Wednesday, June 15, 2005

Passed Over

A few days ago I mentioned that folk festival season is coming up. Over the last few weeks, they've been announcing their lineups.

This year, because I deliberately wanted to concentrate on the subway as my primary performance venue, I didn't officially apply to very many events. By not applying to very many, I insulated myself somewhat from the disappointment of being turned down by all of them.

But I did apply to a few specific events which I would have been personally well-suited for. I sent out customized, personal packages to the artistic directors, feeling hopeful but not overly optimistic.

In Canada, there are probably enough excellent acoustic performers to grace a thousand folk festivals.

As always, I got the disappointing news by reading the festivals' lineup announcements. It seems nobody's sending out responses to applications anymore.

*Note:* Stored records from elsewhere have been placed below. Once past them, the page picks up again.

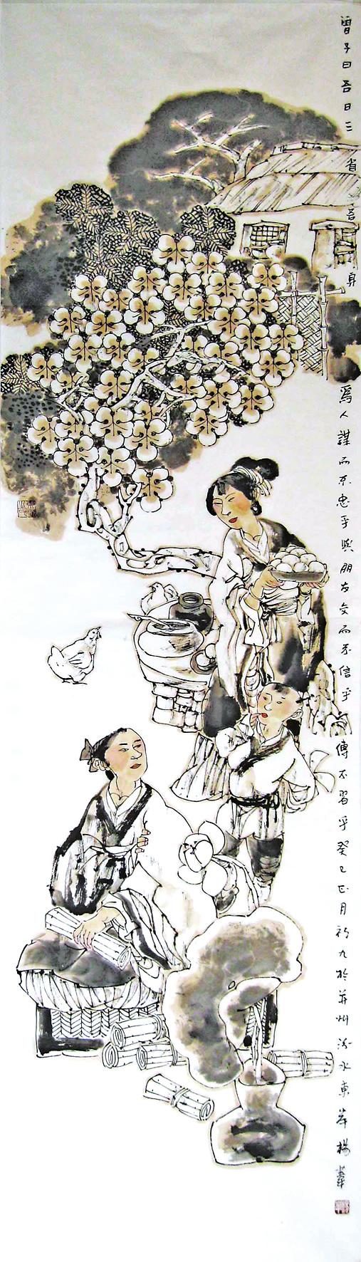 楊葦的人物畫作品,由于沿襲了深厚的連環畫功底,線條細膩超逸,畫風清峻通脫、詩意盈然,他的中國畫作品迅速受到了業界的關注。如今,在我們周圍許多地方都可以見到他的作品:侯馬新田廣場、寶鼎公園的重大歷史片斷畫面;臨汾濱河公園九州廣場、廉政廣場的文化墻,古城公園的歷史名人畫像……都是他的作品。此外,臨汾、侯馬許多外事活動中,他的作品如《三晉一百名人圖》等常常被作為貴重禮物贈送給來賓們。別看楊葦年齡不大,但其實已是一位著作等身的畫家,量的積累已經讓他的創作達到了隨心所欲的境界。
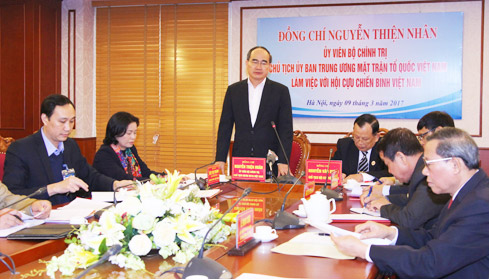 Chiều 9/3, tại Hà Nội, đồng chí Nguyễn Thiện Nhân Ủy viên Bộ Chính trị, Chủ tịch Ủy ban Trung ương Mặt trận Tổ quốc Việt Nam đã làm việc với Hội Cựu chiến binh Việt Nam.
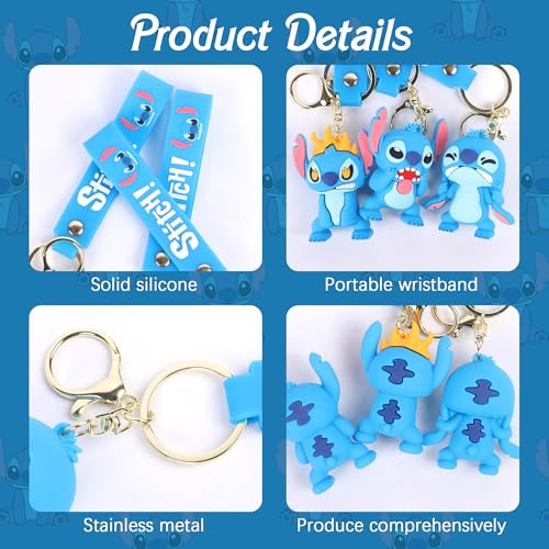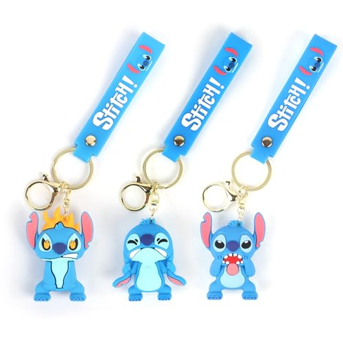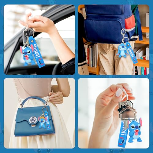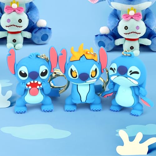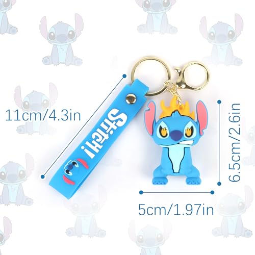 Wiainty - سلسلة مفاتيح كرتونية لطيفة ثلاثية الأبعاد بتصميم ستيتش، زينة سلسلة مفاتيح وحلقات مفاتيح كرتونية للشنطة للأطفال والبالغين، دلاية حلقة مفاتيح للشنط والمفاتيح من واينتي، أزرق، قطعة واحدة
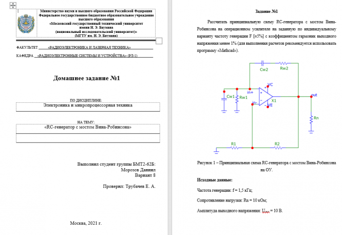 Для студентов МГТУ им. Н.Э.Баумана по предмету ЭлектроникаВариант 8 - ДЗ №1 - RC-генератор с мостом Вина-РобинсонаВариант 8 - ДЗ №1 - RC-генератор с мостом Вина-Робинсона
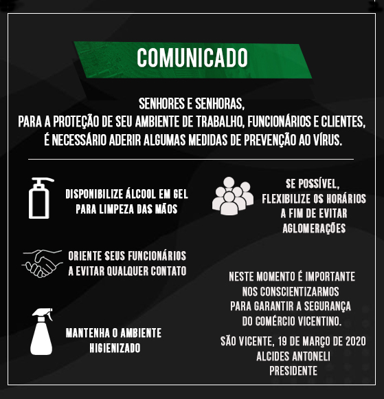 Associação Comercial de São Vicente dá dicas para previnir o comércio do vírus

But I thought of an exception. For a period of time, I worked with a woman who had to turn down dozens of filmmakers applying for grants. She graciously and courageously phoned unsuccessful applicants, saying something along the lines of "I'm so sorry. We wanted to fit you in but just couldn't this time." In doing so, she earned the applicants' continued respect and ensured that they'd apply again. She understood the importance of acknowledging the people who reached out to her, even if she couldn't provide everything they wanted.

In the subway, when someone says "keep it up" or "good job" or simply nods in my direction instead of reaching in their pocket, I still appreciate it. It's worse to be simply ignored, as if one doesn't exist. Funny how the phrase "passed on" (they "took a pass" on me) is similar to what we say when someone dies. "He passed away". (The person turning away is the one doing the dying.)

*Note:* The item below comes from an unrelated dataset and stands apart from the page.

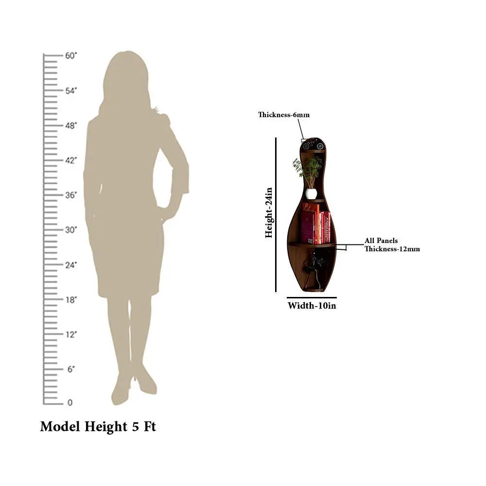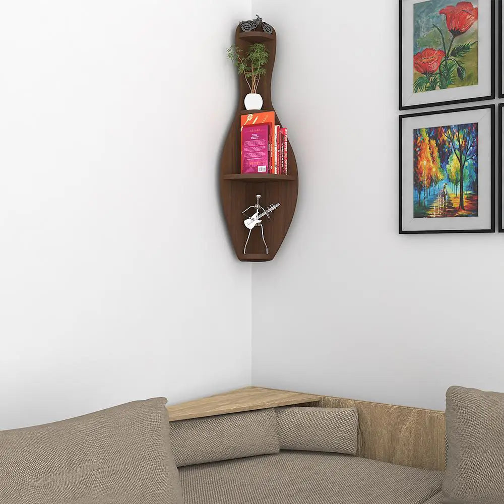 Bowling Shape Wood Corner Wall Shelf / Book Shelf,Walnut Finish

Since I've been busking, I've noticed a definite change in my response to rejection. The thousands of mini-rejections are good practice for the bigger ones. So I didn't get booked to play EverybodyFest? That's okay, there'll be others. There's a toughness in my response now that wasn't there before--both a new toughness and a new flexibility. The calluses on my fingers are harder now too, allowing me to play longer and with more strength and assurance. In order to keep those calluses, I have to keep playing, to keep rubbing up against opposition.

So often, the losses aren't real anyway. They're "paper losses"--only wished-for expectations that don't exist in the here and now. When I see them for the mirages they really are, they evaporate into the air. I become more receptive to my actual experience, continually surprised by what's just around the corner and by the sources of support that reveal themselves.